I have a lot that I want to write about lately but I am lacking the time.
This week has been hard in terms of exercise. I slept in accidentally one day, thereby missing my workout. I had to force myself to get out of bed this morning. I was just so tired. This week at work has been super stressful and I am exhausted. I would have gone to bed early tonight except that my in-laws were in town and only just left at 11 p.m. I hate to say it but I think I am going to choose getting extra sleep over getting in my workout tomorrow morning. I am just feeling so run down! (And I should be going to bed now instead of blogging but I had a friend who is going through some hard times IM me and can't just leave her hanging, so here I am.)
Oh, oh. And speaking of work being stressful... When I am stressed, that is one of the times I am an emotional eater. Sometimes I can resist the urge. But it's hard. Well, it's that time of the month, I think, and that means feeling super snacky on top of that.
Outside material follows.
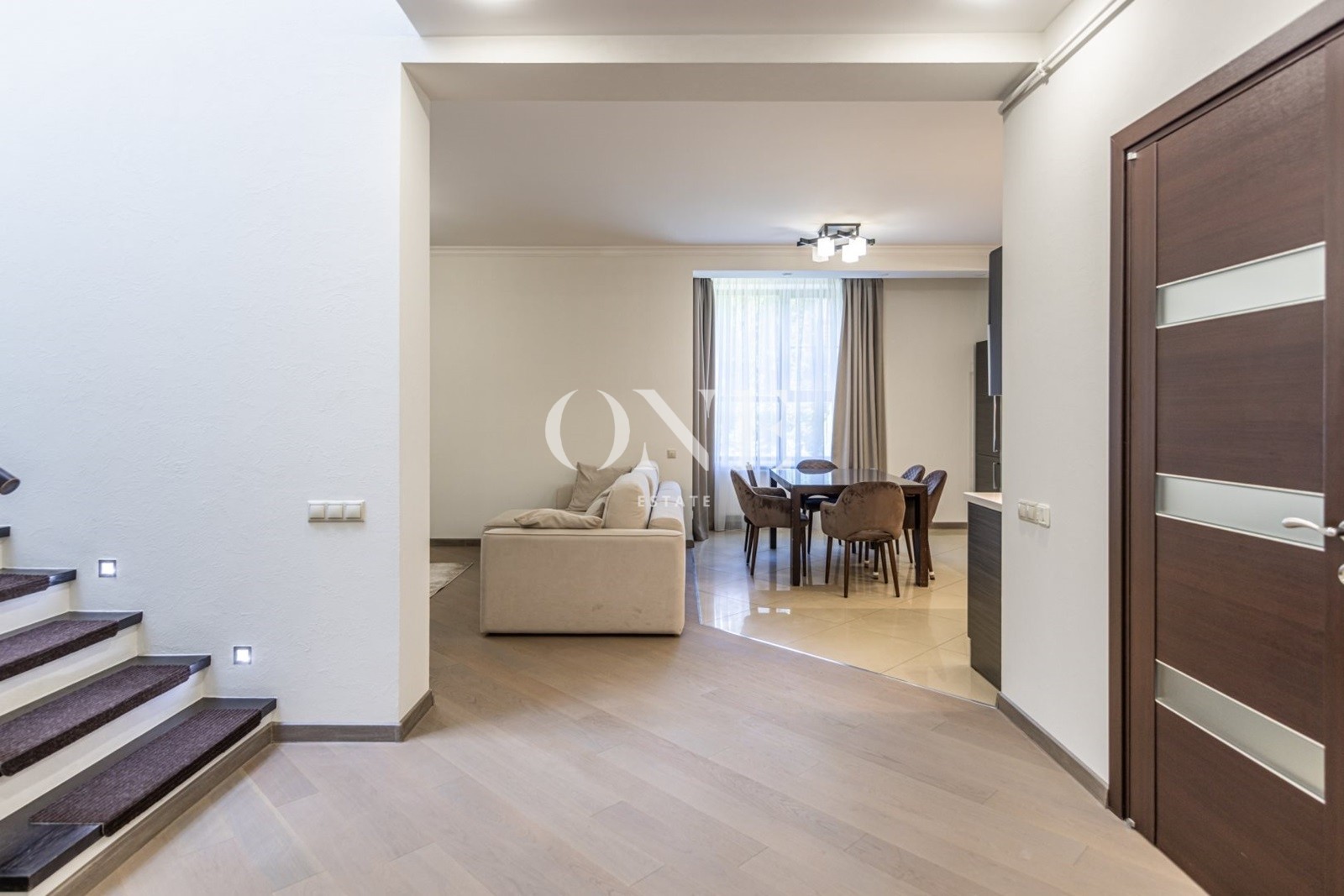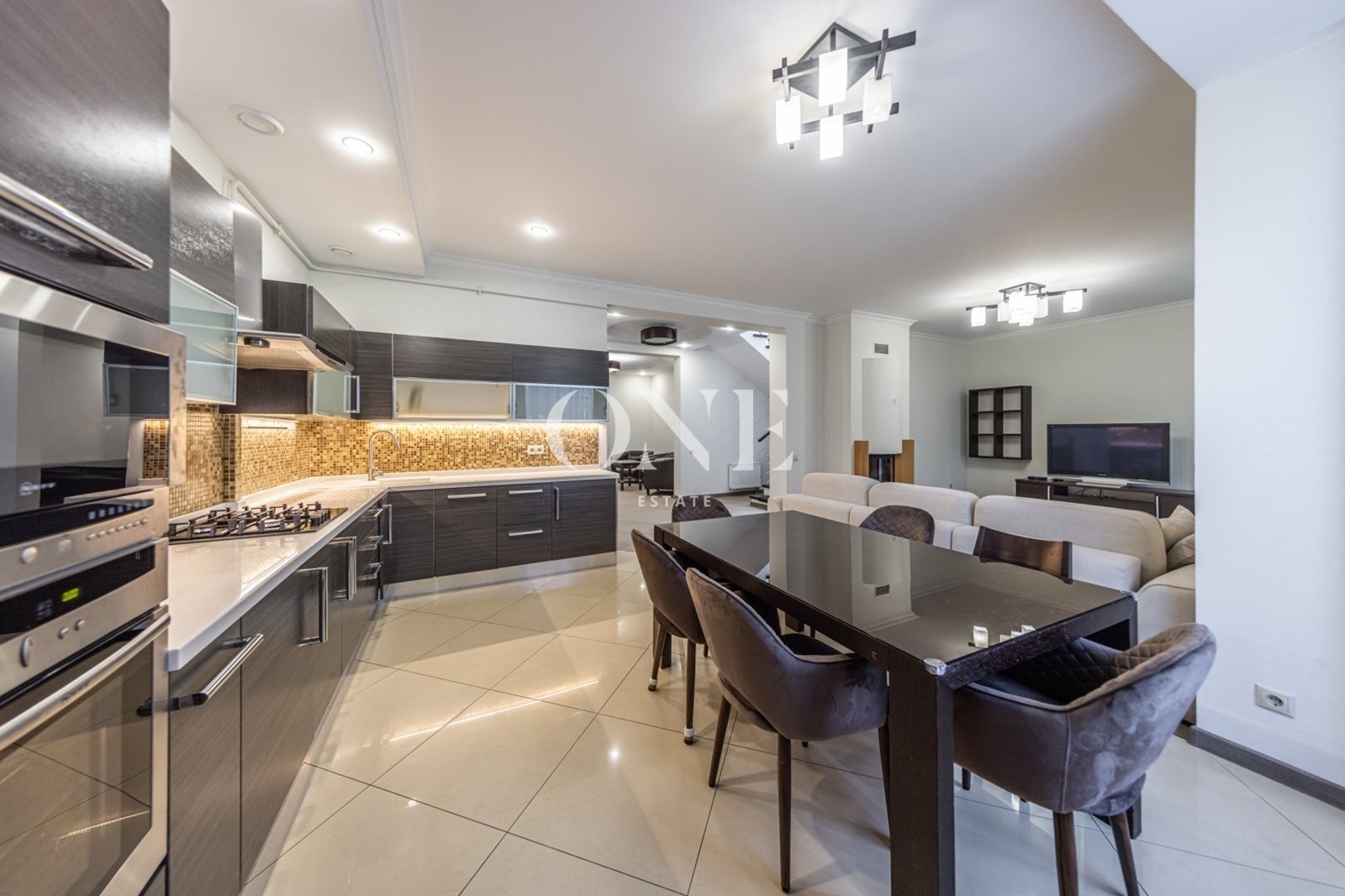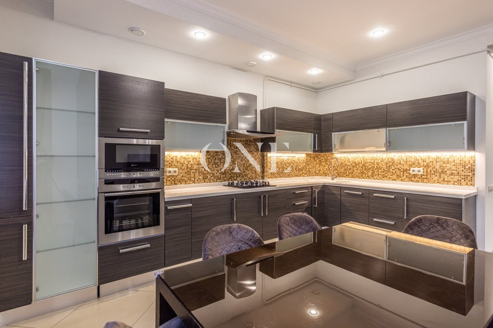 Кухня-столовая, оборудована всей необходимой встроенной техникой: большой холодильник, отдельная морозильная камера, микроволновка, жаровой шкаф, стиральная машинка, спальни и коридоры с мебелью, есть отдельная гардеробная комната, 2 балкона, выход на террасу.

I could have made better food choices this week. I had a candy bar yesterday AND another today!
And tomorrow is weight and measurements day! Doh! Thanks Mother Nature for packing the need to eat everything in sight and extra bloating into the same week!
Oh, oh. And speaking of food. I think I am going to make a Food Log post at the beginning of each week and then edit that post with my food log for each day. Making a new post for each food log felt like it was cluttering up my blog but I don't want to give up being accountable somewhere for what I am eating somewhere public.
There's more, of course, but for now - bed.